_ENTRIES PROVIDED_:
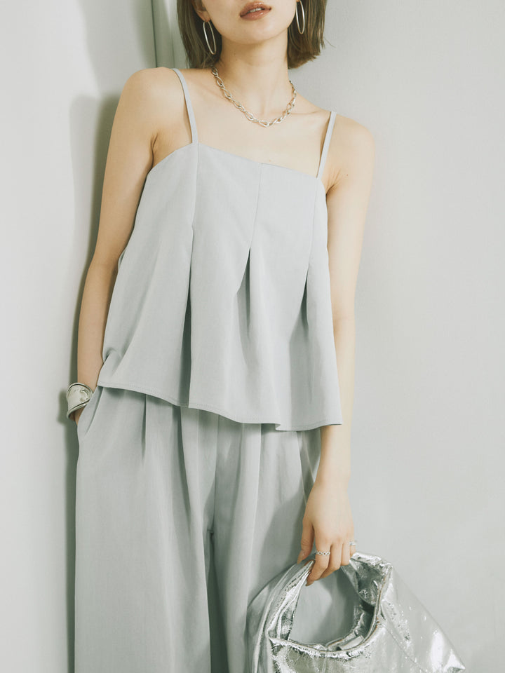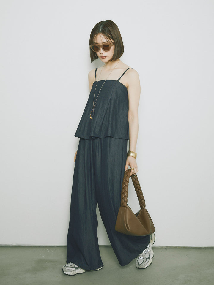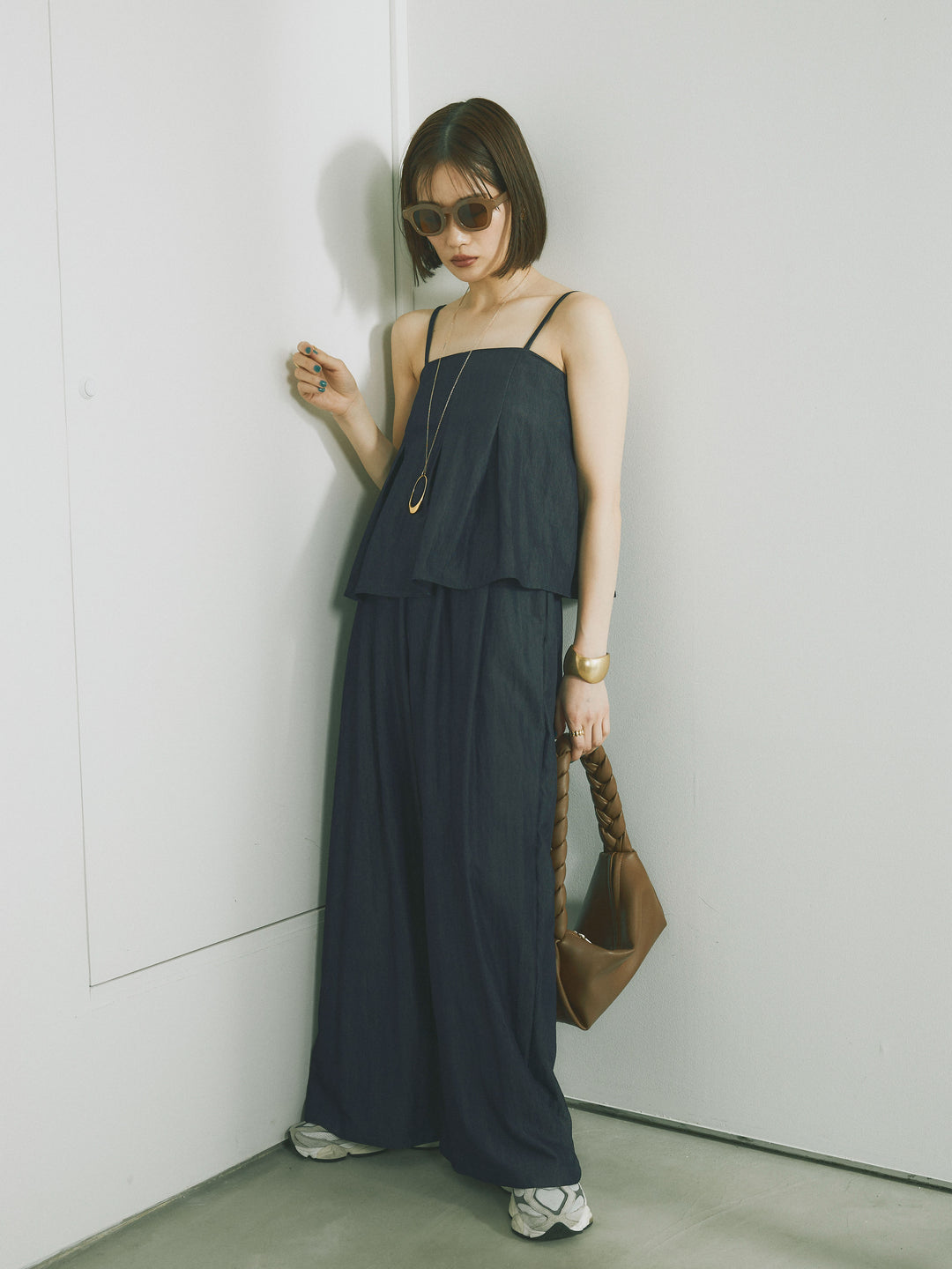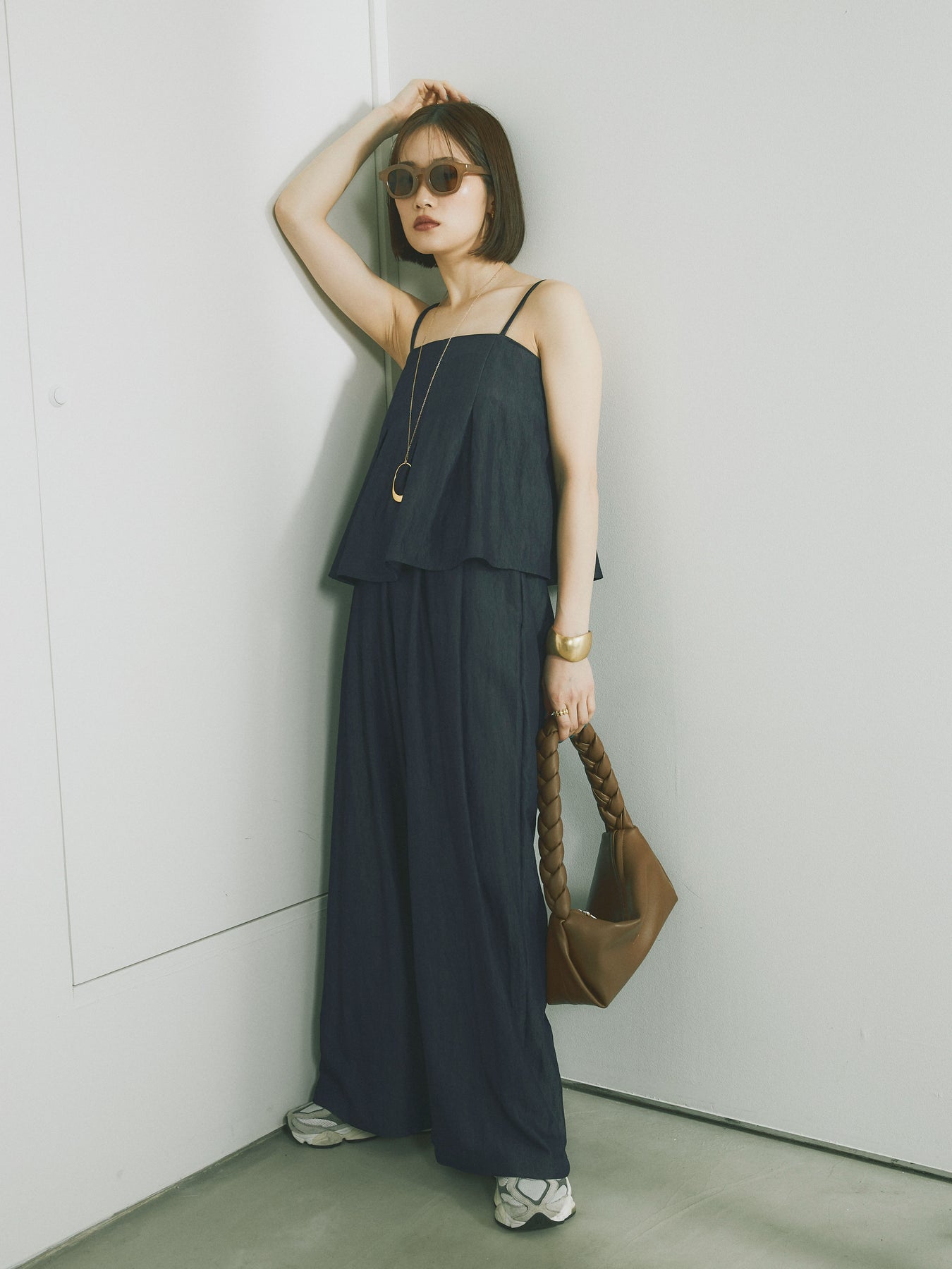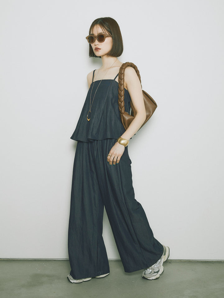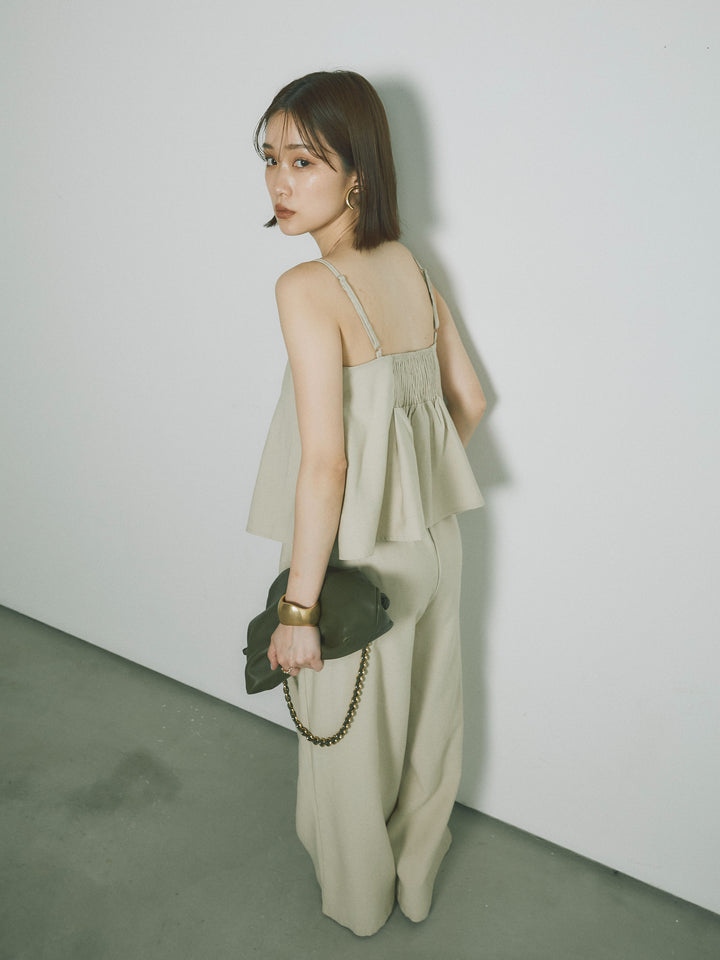 軽やかなテンセル素材で仕立てた、バルーンシルエットのトップスとパンツのセットアップ。トップスは肩紐付きのシンプルでエレガントなデザインで、リラックスしたシルエットを引き立てます。パンツはゆったりとしたバルーンシルエットで、動きやすさと快適さを兼ね備えています。セットアップとしてはもちろん、単品でも使える万能アイテムです。ナチュラルな色合いで、春夏にぴったりのスタイルを完成させます。 ※ボトムス、キャミソール(インナー)以外の商品は一律でインナーは付属していません。
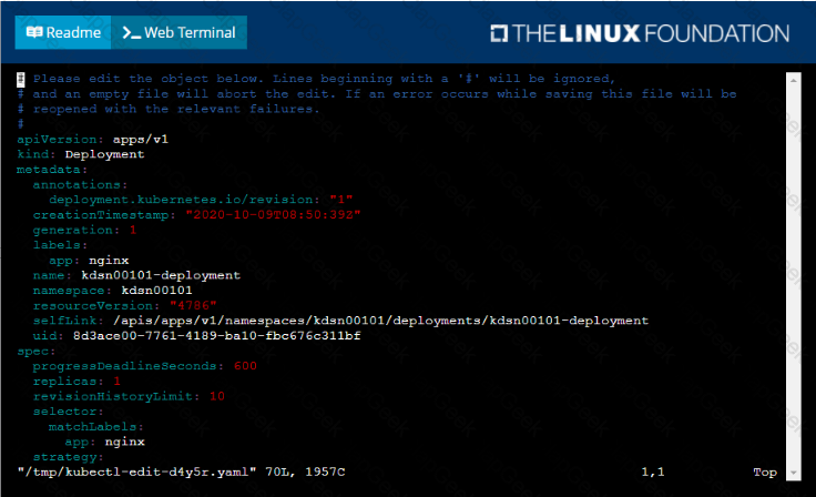 Start with the deployment named kdsn00101-deployment which has already been deployed to the namespace kdsn00101 . Edit it to:
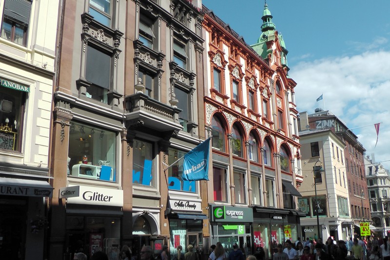 Na początku deptaków wyróżnia się XIX wieczny budynek parlamentu, a na końcu Katedra Oslo
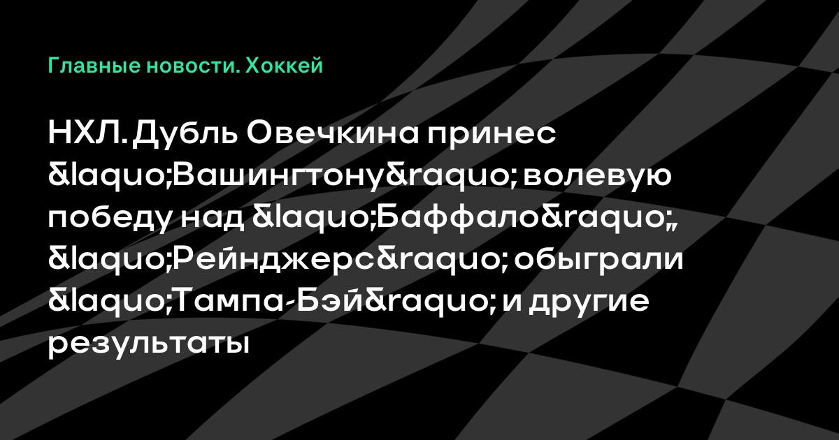 НХЛ. Дубль Овечкина принес «Вашингтону» волевую победу над «Баффало», «Рейнджерс» обыграли «Тампа-Бэй» и другие результаты
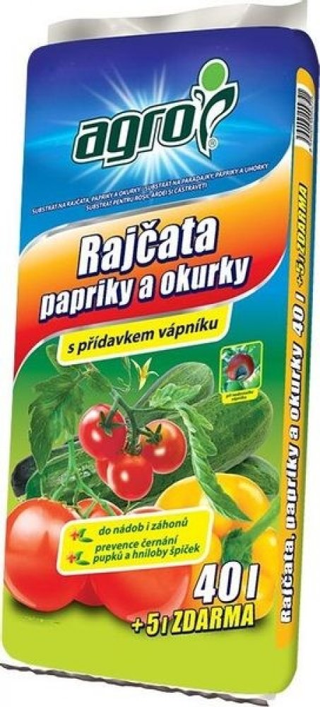 AGRO Substrát pro rajčata, papriky a okurky je směsí rašeliny a kvalitního vyzrálého kůrového humusu. Obsahuje dolomitický vápenec, základní živiny a stopové prvky. Používejte pro pěstování rajčat, paprik a okurek v nádobách i v záhonu (obohacení půdy substrátem).
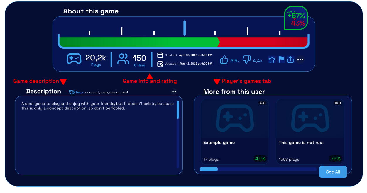 Game info and rating: That’s indeed the most part of the reason i’ve begun to create these concept ideas, and mostly when i saw such a basic initial design for this tab available in website, and wanted to display a design idea for it. The main “attraction” here can be seen when looking at the rating bar right above everything, which like the Roblox one (also where i got the inspiration for this) you can see the rating percentage according to likes or dislikes, and view what is going on with your game in that regard.
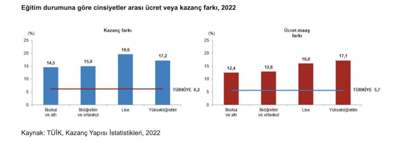 Kazanç Yapısı İstatistiklerine göre, yıllık ortalama brüt ücret-maaş ile hesaplanan gösterge için en yüksek fark yüzde 17,1 ile yükseköğretim mezunlarında yaşanıyor.

_EXERCISE BRIEF_: Using the entries above, extract exactly the lines from the one that contains "Na początku deptaków" through the one that contains "НХЛ. Дубль Овечкина". Do not carry over any pictures.

_EXERCISE RESPONSE_:
 Na początku deptaków wyróżnia się XIX wieczny budynek parlamentu, a na końcu Katedra Oslo
 НХЛ. Дубль Овечкина принес «Вашингтону» волевую победу над «Баффало», «Рейнджерс» обыграли «Тампа-Бэй» и другие результаты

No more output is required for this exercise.